La tentativa del viaje era el viaje en sí mismo, para después poder  (d)escribirlo a cuatro manos en forma de diario expedicionario, complementado con fotos y dibujos que “de oídas” garabateó el hijo adolescente de Carol cuando los dos le contaron la aventura. Así nació Los autonautas de la cosmopista, una de las últimas ¿novelas? de Cortázar, la más impúdica y reveladora para los que, como yo, andamos a la caza y captura de cualquier detalle cotidiano que nos haga verle los pies de barro al dios Julio. Si son de los míos, la gozarán viéndolo lavar ropa, leyéndolo cocinar, corriendo urgido por la escatología más humana en busca de un baño, cortándose unos pantalones para fabricarse unos shorts horteras pero funcionales, queriendo a la Osita en la Fafner y todo a media luz, que es un brujo el amor…

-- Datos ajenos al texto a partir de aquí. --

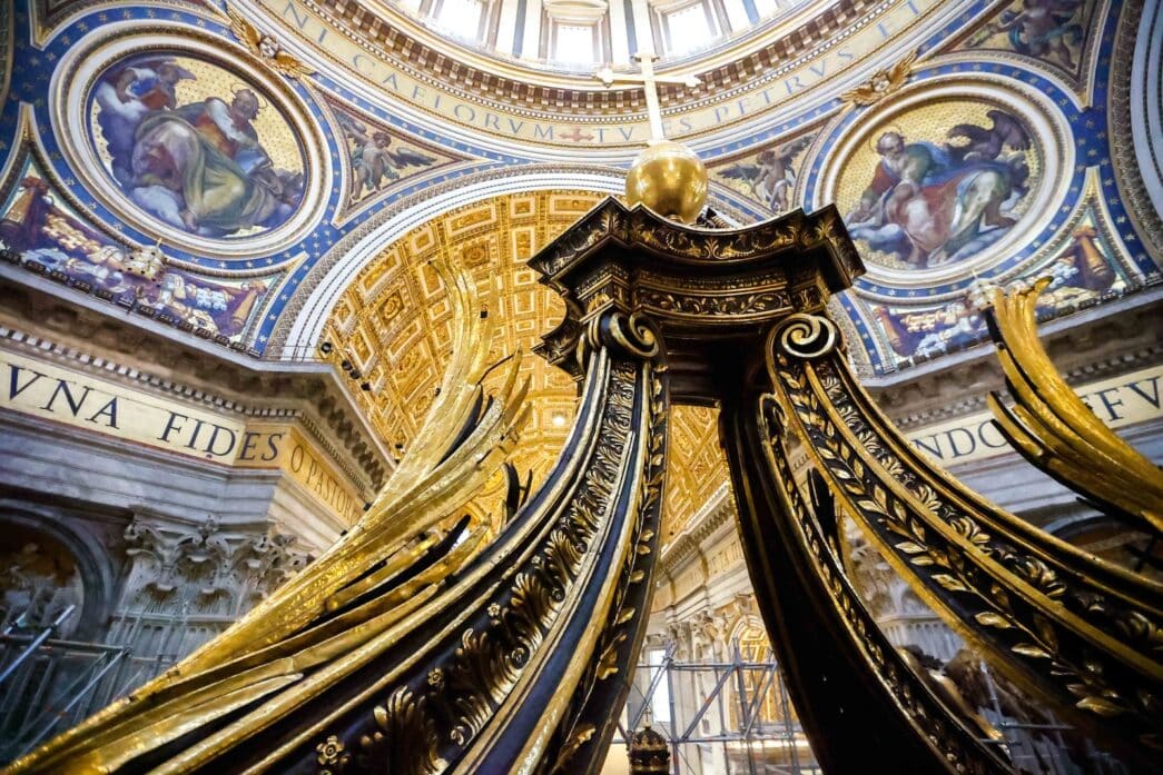 But before the Catholic faithful can see the baldachin in its full splendor, final touches must be made to the structure designed by Gian Lorenzo Bernini, as well as to the sculpture above the basilica’s Altar of the Chair, which is also being restored.
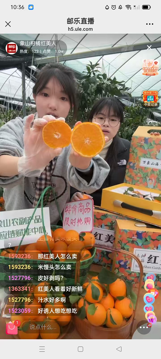 “各位美人粉,象山紅美人已經(jīng)暢銷二十幾年了,今天直播間福利多多,除了優(yōu)惠券可疊加多次使用外,最大的福利是主播手中的‘全球’限量款紅美人包裝禮盒,數(shù)量有限,先到先得!”冬至臨近,難掩寒意襲人,但是象山縣墻頭鎮(zhèn)西滬村先浩家庭農(nóng)場里,卻是一片火熱。12月19日上午9時,中國郵政集團(tuán)有限公司浙江省象山分公司聯(lián)合寧波建設(shè)工程學(xué)校開展了一場2024“源源鄉(xiāng)音”象山紅美人的溯源直播活動,吸引了眾多粉絲前來。

A ratos cruza el relato una sombra, un atisbo de enfermedad, una pesadumbre disimulada, unas pesadillas reveladoras. Es la voz de la Dunlop, que ya enferma, encara el viaje y su relato saboreando con la voracidad del pre-muerto los helados, los paisajes y los besos altos, peludos y abundantes del Lobo. Le oculta diligencias y emergencias del cuerpo y conviene tácitamente con él, que el tiempo ha de detenerse para siempre en cada cena, en cada oruga corriéndole los pantalones, en cada gasolinera con motel adosado donde dormir comodiosmanda una noche cada tanto. Apura sus últimas felicidades con arrobo (cosas del amor) y con valentía (cosas del amor).

Pero como el asunto no es solo el camino y sus realidades del lado de acá, Cortázar incorpora amigos imaginarios, testigos de paso que encuentran hueco en la obra como puros personajes epistolares; la señora que los cruza en varias áreas de descanso, en días diferentes y escribe asombrada a su hijo para chismorrearle, entre dato familiar y fórmula maternal, que no sabés qué rara la parejita esa que me vengo encontrando a cada rato en la autopista…Si no fuera por, te aseguraría que viven acá adentro…

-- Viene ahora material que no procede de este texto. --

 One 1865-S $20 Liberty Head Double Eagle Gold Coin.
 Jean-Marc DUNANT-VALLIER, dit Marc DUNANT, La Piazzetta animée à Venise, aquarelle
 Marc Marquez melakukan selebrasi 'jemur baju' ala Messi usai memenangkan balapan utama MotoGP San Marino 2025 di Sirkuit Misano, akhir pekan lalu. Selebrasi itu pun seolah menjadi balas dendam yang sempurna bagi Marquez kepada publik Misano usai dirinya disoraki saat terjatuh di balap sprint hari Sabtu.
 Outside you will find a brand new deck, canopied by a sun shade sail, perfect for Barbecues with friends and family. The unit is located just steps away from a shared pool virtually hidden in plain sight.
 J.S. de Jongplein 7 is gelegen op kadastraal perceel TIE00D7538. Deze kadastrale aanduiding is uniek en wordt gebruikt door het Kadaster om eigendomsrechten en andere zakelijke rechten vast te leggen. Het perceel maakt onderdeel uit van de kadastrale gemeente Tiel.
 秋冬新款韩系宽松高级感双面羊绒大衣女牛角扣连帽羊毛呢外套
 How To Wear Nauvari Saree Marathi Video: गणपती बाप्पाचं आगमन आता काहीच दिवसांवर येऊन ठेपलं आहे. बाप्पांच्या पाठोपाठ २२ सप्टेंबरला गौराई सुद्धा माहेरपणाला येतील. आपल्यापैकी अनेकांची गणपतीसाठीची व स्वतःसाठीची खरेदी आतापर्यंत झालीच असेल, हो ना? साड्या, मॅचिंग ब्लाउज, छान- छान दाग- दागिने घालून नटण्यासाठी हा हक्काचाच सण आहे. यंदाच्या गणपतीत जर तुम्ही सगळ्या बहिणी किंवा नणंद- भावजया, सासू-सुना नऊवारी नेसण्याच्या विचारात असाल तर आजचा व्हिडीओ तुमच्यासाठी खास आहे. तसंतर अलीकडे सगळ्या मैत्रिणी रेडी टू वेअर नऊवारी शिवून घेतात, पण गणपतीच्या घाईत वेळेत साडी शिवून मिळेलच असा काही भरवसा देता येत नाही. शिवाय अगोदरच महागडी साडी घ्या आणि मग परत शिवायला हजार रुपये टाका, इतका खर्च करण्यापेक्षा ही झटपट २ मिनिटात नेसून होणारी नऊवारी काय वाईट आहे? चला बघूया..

También los acompañan en el viaje Calac y Polanco, ese par de reporteros dicharacheros, argentinos de pro y personajes imprescindibles de su 62, Modelo para armar. Con ellos discute, putea, se enoja; los echa (ellos vuelven), se meten (él los vuelve a echar) aturden a la Osita, le tienen celos porque el Lobo solo tiene ojos para ella, como si el pobre Lobo ya supiera del fatal desenlace (Carol muere solo 5 meses después de la expedición).

La obra es un collage: se mezclan los tipos de letra -desde las hojas rústicamente mecanografiadas hasta el texto con letra impresa corriente, pasando por la cursiva de las cartas y las citas-, se aprovechan los pies de foto porque ya saben que la Literatura no conoce de espacios cerrados ni de estrecheces, se hacen guiños metaliterarios y plagiadores a Cervantes en los títulos de cada capítulo... Sin el menor rubor, se confunden discursos, pensamientos y acciones, y no hay frontera entre lo imaginado y lo vivido. Los autonautas en la cosmopista es un libro de amor viajero, de epicúreo disfrute de lo terrenal, de filosofía vital y mortal, eros y tánatos copulando bajo el techo desplegable de la Fafner, mientras ahí afuera el mundo gira en su vertiginosa normalidad.

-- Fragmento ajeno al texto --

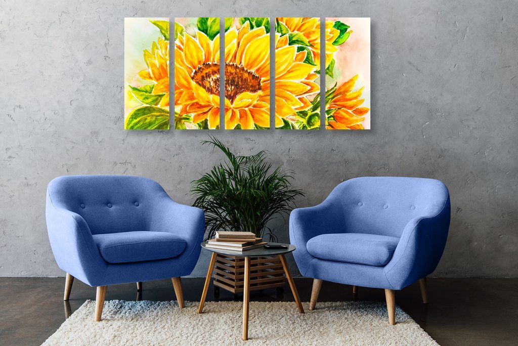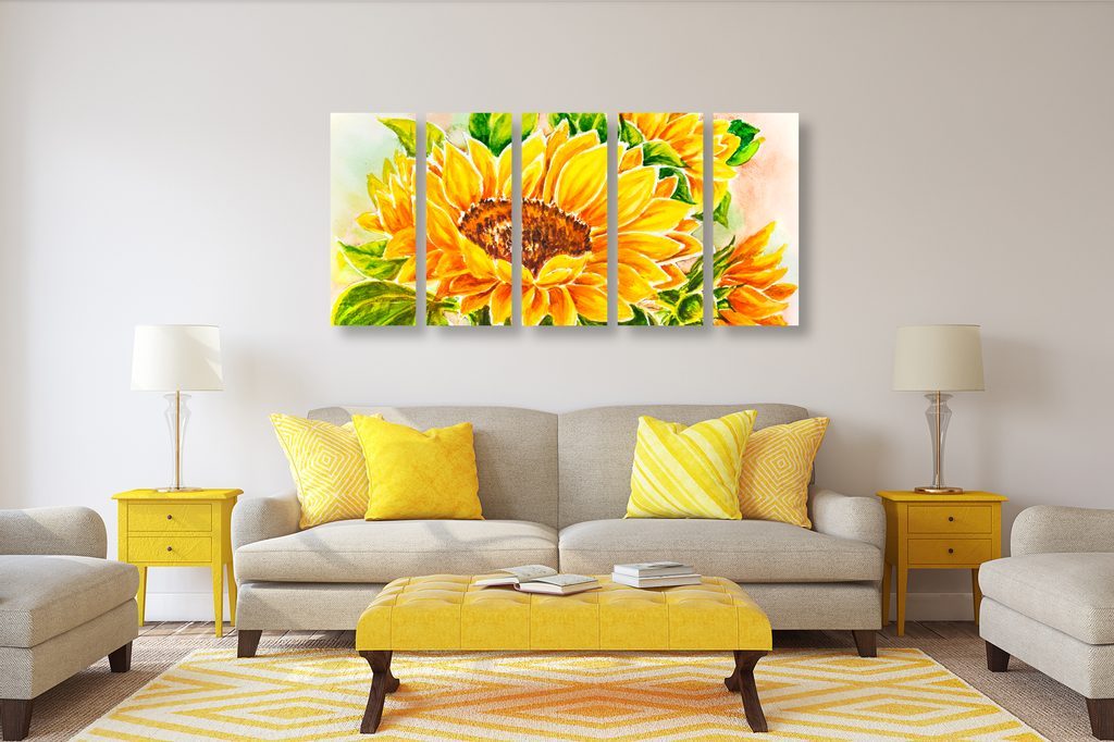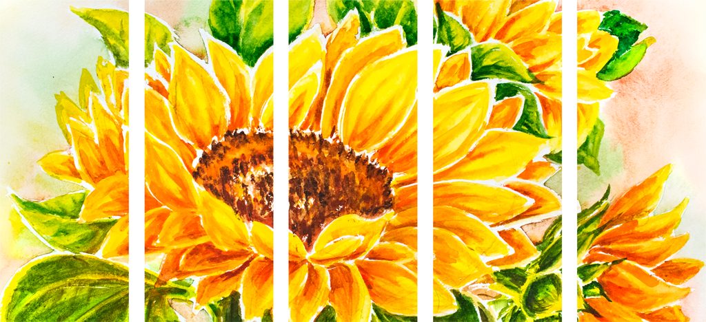 5 részes kép kivirágzott napraforgó

Si ya aman locamente a Cortázar pero aún no han leído Los autonautas, no pierdan un segundo. Beban de la vida rodante de Julio y Carol y apuren cada frase como si fuera la última. Celebren este amor con justa envidia y la próxima vez que planeen sus vacaciones díganse: ¿Y por qué no? Eso sí, viajen o no viajen, siempre siempre disfruten.